Beppe Montana, l'acchiappafantasmi, non si limitava a vederla dappertutto. S'era messo a farla vedere agli altri. Andava nelle scuole di Palermo e la raccontava ai giovani.
Beppe seminava il dubbio. La mafia non dà lavoro, lo toglie. Non garantisce il diritto, lo opprime.

I ragazzi lo ascoltavano. Il commissario Montana faceva polizia di prossimità, faceva intelligence, socializzava il suo mestiere: tutte belle parole di moda oggi. Lui non le usava mai: le incarnava.
Questo fermento andava bloccato. Per ucciderlo bastarono le pallottole. Bernardo Provenzano si guadagnò così altri 21 anni di latitanza, di vita da fantasma.
Perché Ciccio Vitali lo sa, con lui Ciccio La Licata e gli altri vecchi cronisti palermitani, se Beppe Montana fosse rimasto vivo, Provenzano, questione di tempo, sarebbe finito in galera.
E' bene, quindi, che Ciccio Vitali abbia voluto ricordare il sacrificio di Montana, Cassarà e tutti gli altri poliziotti, carabinieri, giudici e giornalisti che in quegli anni oscuri in Sicilia persero la vita per l'ostinazione a voler far emergere il problema "mafia".
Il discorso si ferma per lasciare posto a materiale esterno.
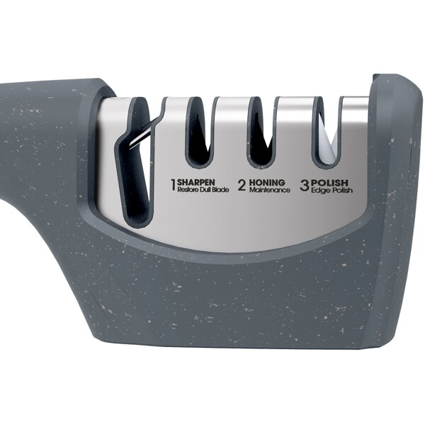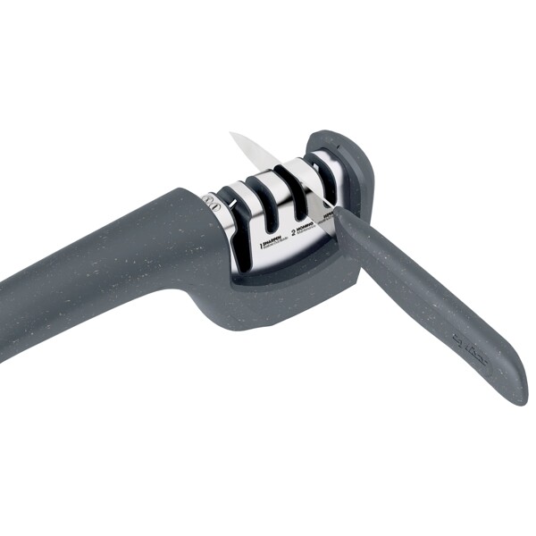 Erwecken Sie schnell stumpfe Klingen wieder zum Leben mit nur wenigen Zügen durch die verschiedenen speziellen Schleifschlitze. Mit 4 verschiedenen Schlitzen: 1. für Scheren und gezahnte Klingen, 2. Schleifen, 3. für das Abziehen und 4. zum Polieren von geraden Klingen.

Ecco perché, mentre si sollevano proclami politici sulla cattura di Provenzano, ci piace sottolineare il gesto silenzioso di un cronista che fa il suo mestiere: non dimentica. Ci piace ricordare con lui che se oggi Provenzano è in galera lo dobbiamo anche al sacrificio silenzioso di poliziotti generosi come Montana e Cassarà.